[Dataset records]
=== Begin Enclosure ===

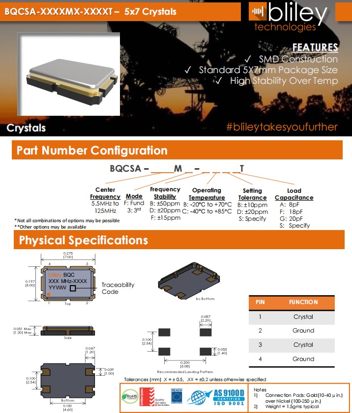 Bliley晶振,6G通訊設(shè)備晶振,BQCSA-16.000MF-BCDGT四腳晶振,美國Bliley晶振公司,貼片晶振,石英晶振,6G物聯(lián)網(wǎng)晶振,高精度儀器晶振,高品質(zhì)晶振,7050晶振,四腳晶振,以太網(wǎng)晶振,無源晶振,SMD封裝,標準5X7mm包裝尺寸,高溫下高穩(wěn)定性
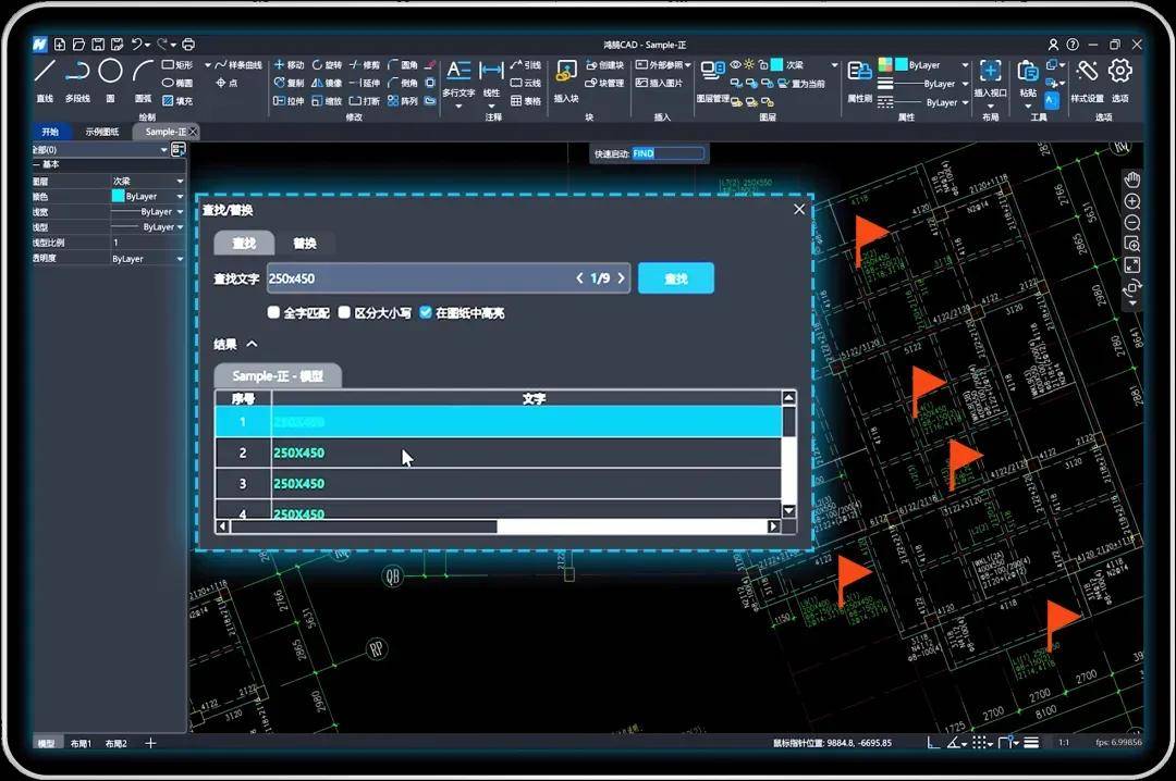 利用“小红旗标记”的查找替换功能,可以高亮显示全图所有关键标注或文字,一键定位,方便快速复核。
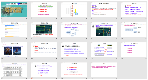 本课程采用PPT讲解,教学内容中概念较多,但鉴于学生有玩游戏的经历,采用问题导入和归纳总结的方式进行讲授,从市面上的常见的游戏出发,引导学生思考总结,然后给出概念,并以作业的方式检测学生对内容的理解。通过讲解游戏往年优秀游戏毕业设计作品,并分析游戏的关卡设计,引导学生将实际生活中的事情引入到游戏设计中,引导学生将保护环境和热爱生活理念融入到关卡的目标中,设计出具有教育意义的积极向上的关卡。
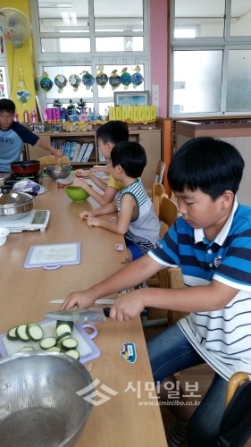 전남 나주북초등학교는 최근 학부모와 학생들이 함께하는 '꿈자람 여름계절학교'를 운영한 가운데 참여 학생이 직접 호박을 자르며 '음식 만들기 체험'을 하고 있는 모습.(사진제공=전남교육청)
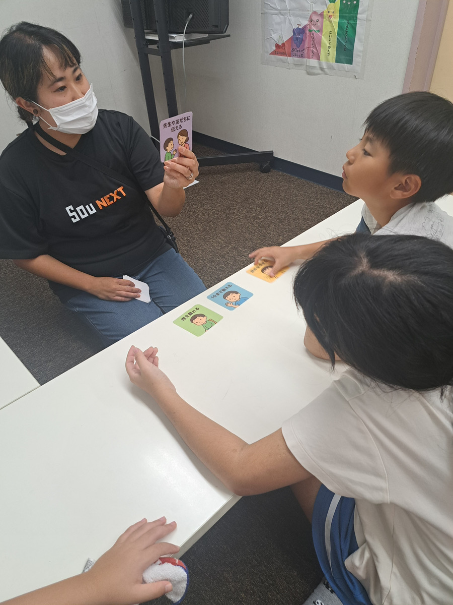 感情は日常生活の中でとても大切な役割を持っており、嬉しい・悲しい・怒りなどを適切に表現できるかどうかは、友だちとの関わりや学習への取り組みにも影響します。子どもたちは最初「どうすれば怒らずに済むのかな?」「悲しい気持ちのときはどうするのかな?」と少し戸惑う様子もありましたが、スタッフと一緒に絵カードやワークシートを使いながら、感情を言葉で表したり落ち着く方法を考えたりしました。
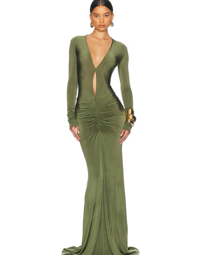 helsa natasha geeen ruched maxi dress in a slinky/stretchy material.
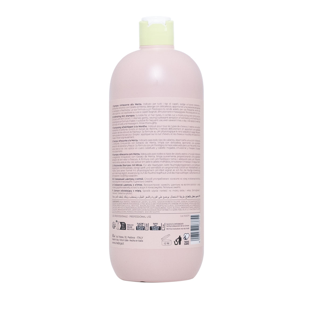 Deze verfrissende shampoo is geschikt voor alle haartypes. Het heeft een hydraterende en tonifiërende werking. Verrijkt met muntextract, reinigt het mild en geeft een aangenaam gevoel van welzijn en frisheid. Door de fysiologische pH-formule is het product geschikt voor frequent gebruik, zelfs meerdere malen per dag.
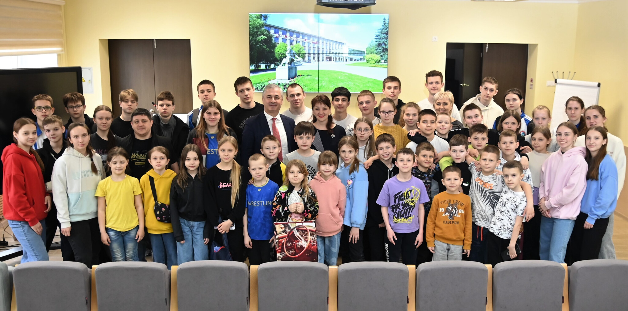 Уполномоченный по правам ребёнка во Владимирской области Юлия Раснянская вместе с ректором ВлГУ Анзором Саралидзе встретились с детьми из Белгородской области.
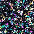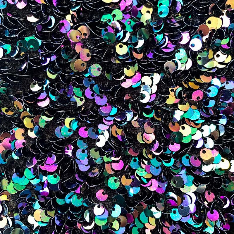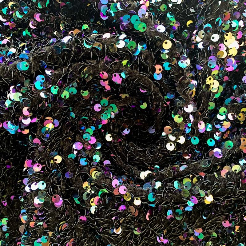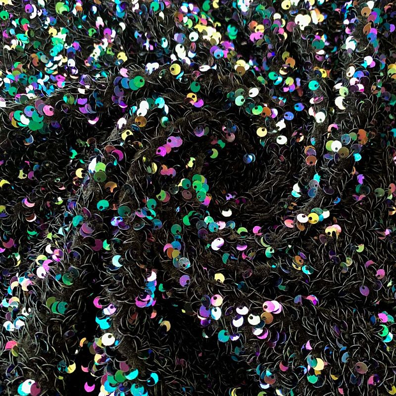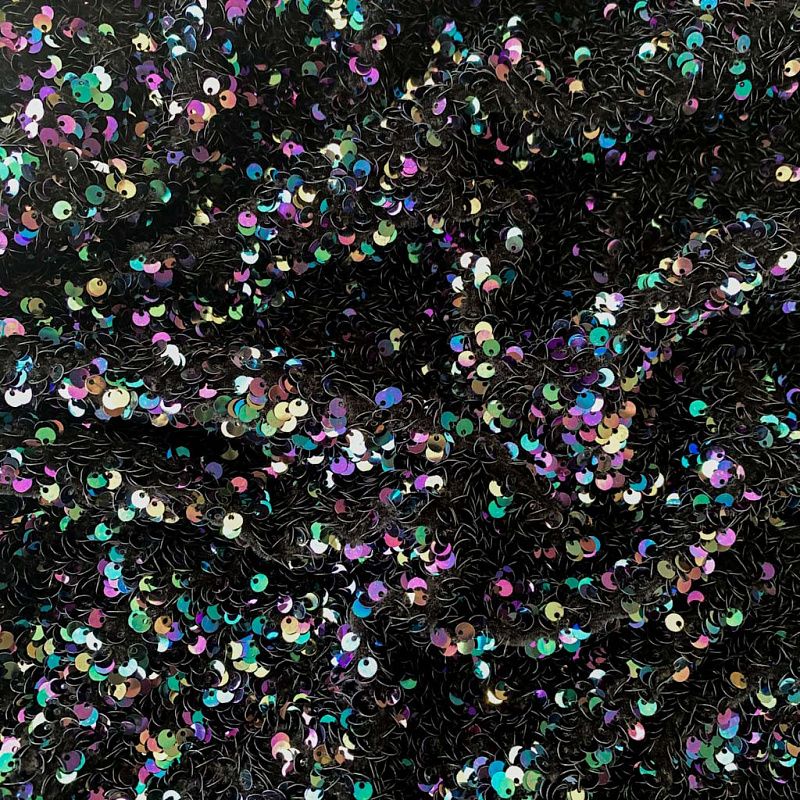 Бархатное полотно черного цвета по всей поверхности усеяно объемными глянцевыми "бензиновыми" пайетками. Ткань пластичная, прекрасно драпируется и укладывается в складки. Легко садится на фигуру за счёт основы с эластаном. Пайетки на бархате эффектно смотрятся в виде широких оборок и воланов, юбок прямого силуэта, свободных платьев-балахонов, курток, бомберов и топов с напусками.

=== End Enclosure ===

◆ WHAT THE TASK REQUIRES: All of the data must be repeated exactly, except for the pictures.

◆ WRITTEN RESPONSE:
 Bliley晶振,6G通訊設(shè)備晶振,BQCSA-16.000MF-BCDGT四腳晶振,美國Bliley晶振公司,貼片晶振,石英晶振,6G物聯(lián)網(wǎng)晶振,高精度儀器晶振,高品質(zhì)晶振,7050晶振,四腳晶振,以太網(wǎng)晶振,無源晶振,SMD封裝,標準5X7mm包裝尺寸,高溫下高穩(wěn)定性
 利用“小红旗标记”的查找替换功能,可以高亮显示全图所有关键标注或文字,一键定位,方便快速复核。
 本课程采用PPT讲解,教学内容中概念较多,但鉴于学生有玩游戏的经历,采用问题导入和归纳总结的方式进行讲授,从市面上的常见的游戏出发,引导学生思考总结,然后给出概念,并以作业的方式检测学生对内容的理解。通过讲解游戏往年优秀游戏毕业设计作品,并分析游戏的关卡设计,引导学生将实际生活中的事情引入到游戏设计中,引导学生将保护环境和热爱生活理念融入到关卡的目标中,设计出具有教育意义的积极向上的关卡。
 전남 나주북초등학교는 최근 학부모와 학생들이 함께하는 '꿈자람 여름계절학교'를 운영한 가운데 참여 학생이 직접 호박을 자르며 '음식 만들기 체험'을 하고 있는 모습.(사진제공=전남교육청)
 感情は日常生活の中でとても大切な役割を持っており、嬉しい・悲しい・怒りなどを適切に表現できるかどうかは、友だちとの関わりや学習への取り組みにも影響します。子どもたちは最初「どうすれば怒らずに済むのかな?」「悲しい気持ちのときはどうするのかな?」と少し戸惑う様子もありましたが、スタッフと一緒に絵カードやワークシートを使いながら、感情を言葉で表したり落ち着く方法を考えたりしました。
 helsa natasha geeen ruched maxi dress in a slinky/stretchy material.
 Deze verfrissende shampoo is geschikt voor alle haartypes. Het heeft een hydraterende en tonifiërende werking. Verrijkt met muntextract, reinigt het mild en geeft een aangenaam gevoel van welzijn en frisheid. Door de fysiologische pH-formule is het product geschikt voor frequent gebruik, zelfs meerdere malen per dag.
 Уполномоченный по правам ребёнка во Владимирской области Юлия Раснянская вместе с ректором ВлГУ Анзором Саралидзе встретились с детьми из Белгородской области.
 Бархатное полотно черного цвета по всей поверхности усеяно объемными глянцевыми "бензиновыми" пайетками. Ткань пластичная, прекрасно драпируется и укладывается в складки. Легко садится на фигуру за счёт основы с эластаном. Пайетки на бархате эффектно смотрятся в виде широких оборок и воланов, юбок прямого силуэта, свободных платьев-балахонов, курток, бомберов и топов с напусками.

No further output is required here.